▶ STUDY MATERIAL:
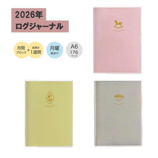 2026年 ログジャーナル 手帳 A6 週間 クツワ 月曜始まり ダイアリー2026 令和8年 スケジュール帳 予定 スケジュール 日記 おしゃれ
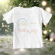 Camiseta Festa de aniversário arco-íris azul rosa pastel
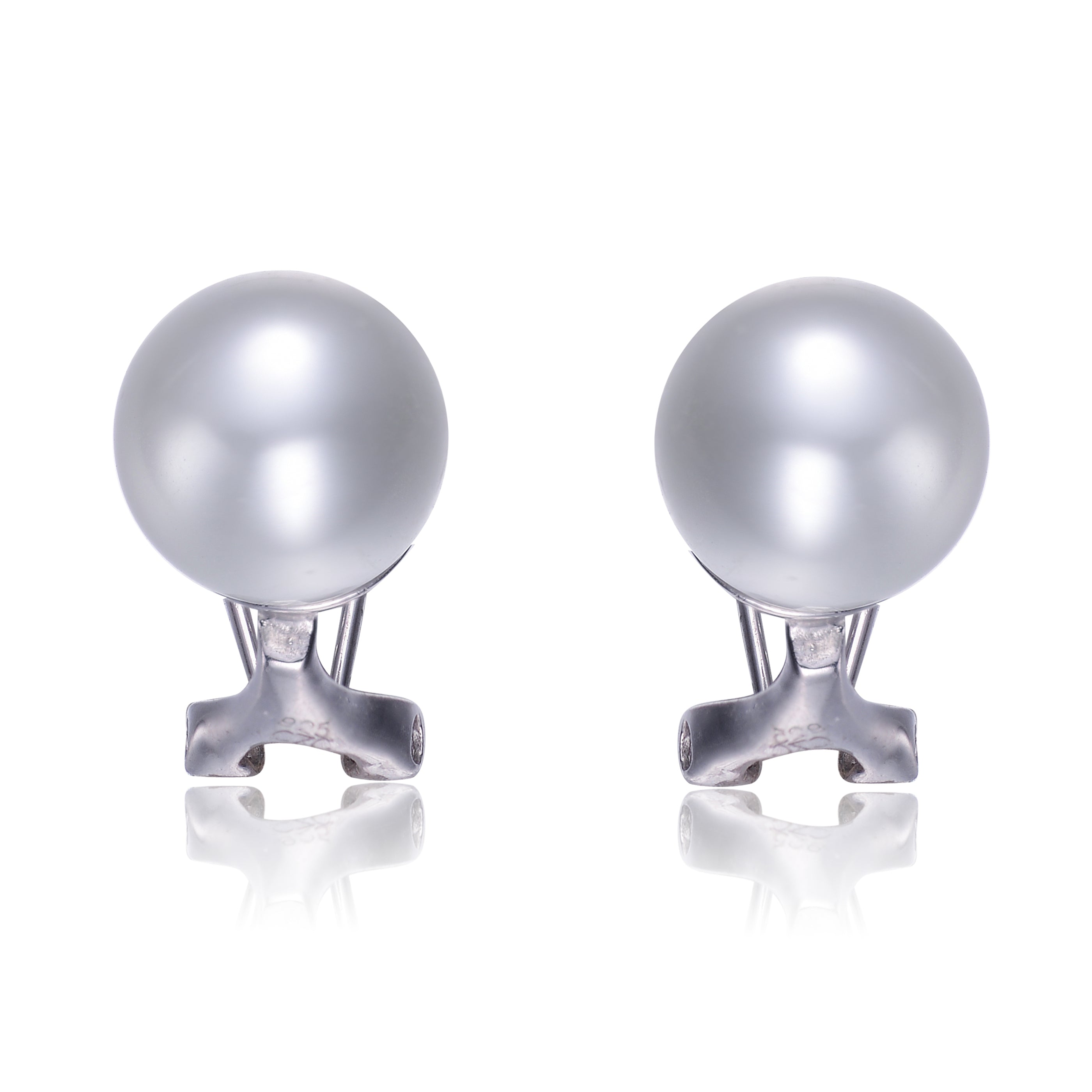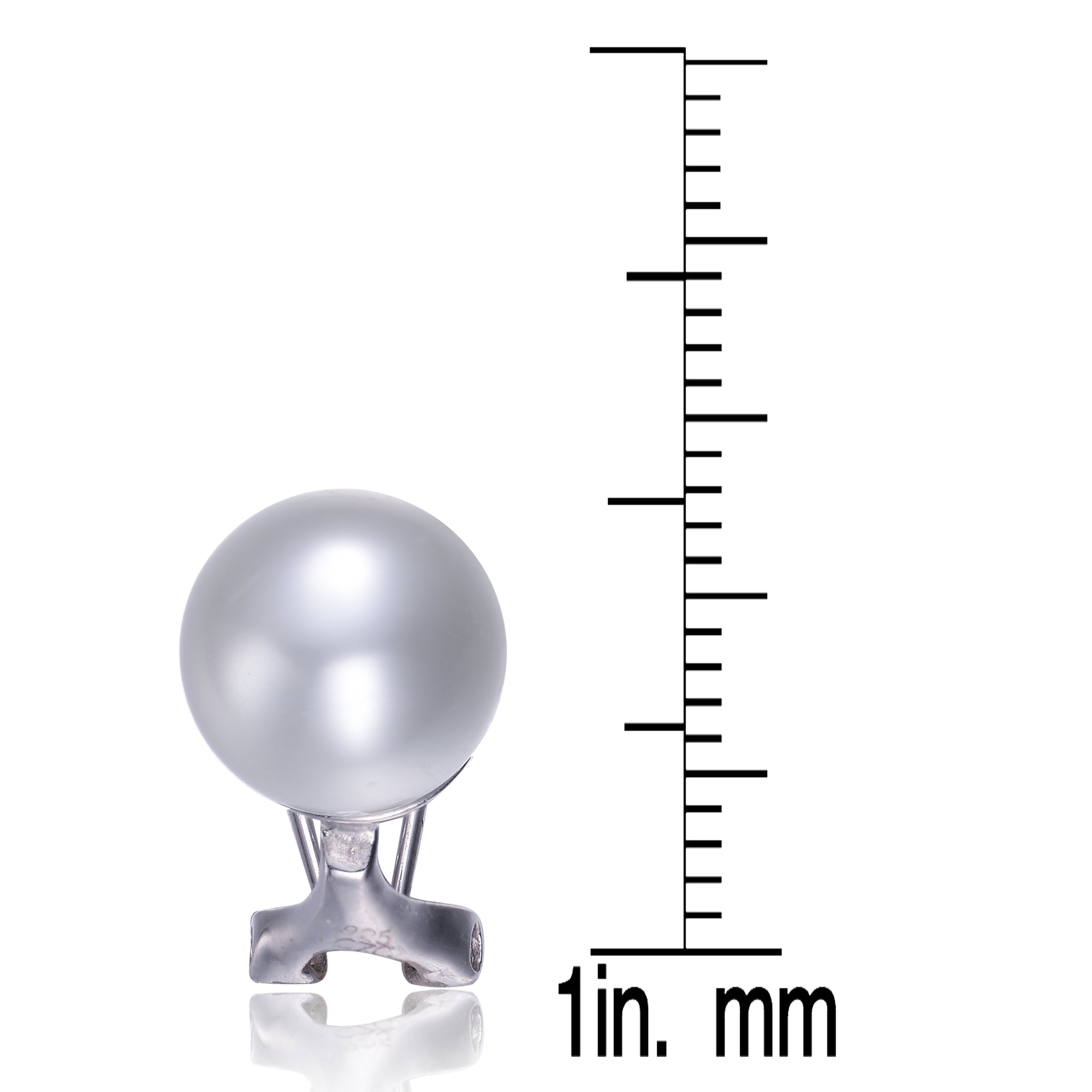 These fine earrings feature 14mm faux pearls. Crafted of .925 sterling silver, the earrings secure with omega clasps.
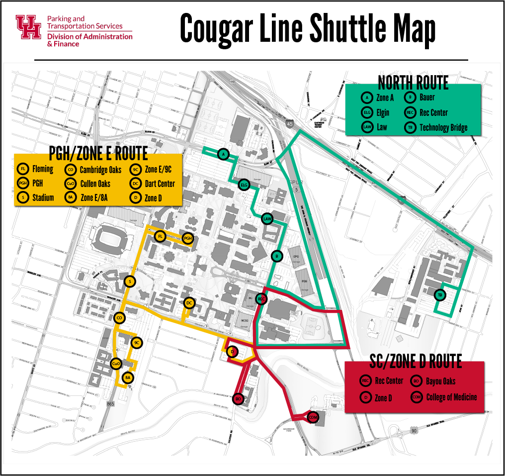 - Shuttle Stops: Rec Center-South, Zone D, Bayou Oaks, College of Medicine
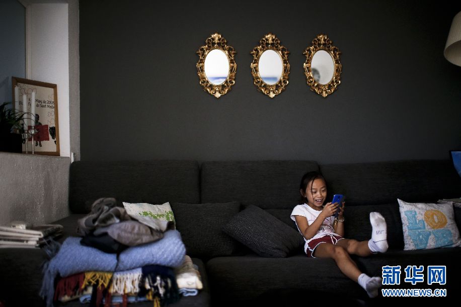 ????Jana坐在家里的沙發(fā)上玩養(yǎng)母Thais的智能手機。新華社巴塞羅那分社攝影師Pau Barrena 攝

▶ EXERCISE AIM:
All of the material above should be copied exactly, minus the pictures.

▶ SOLUTION TO THE PROBLEM:
 2026年 ログジャーナル 手帳 A6 週間 クツワ 月曜始まり ダイアリー2026 令和8年 スケジュール帳 予定 スケジュール 日記 おしゃれ
 Camiseta Festa de aniversário arco-íris azul rosa pastel
 These fine earrings feature 14mm faux pearls. Crafted of .925 sterling silver, the earrings secure with omega clasps.
 - Shuttle Stops: Rec Center-South, Zone D, Bayou Oaks, College of Medicine
 ????Jana坐在家里的沙發(fā)上玩養(yǎng)母Thais的智能手機。新華社巴塞羅那分社攝影師Pau Barrena 攝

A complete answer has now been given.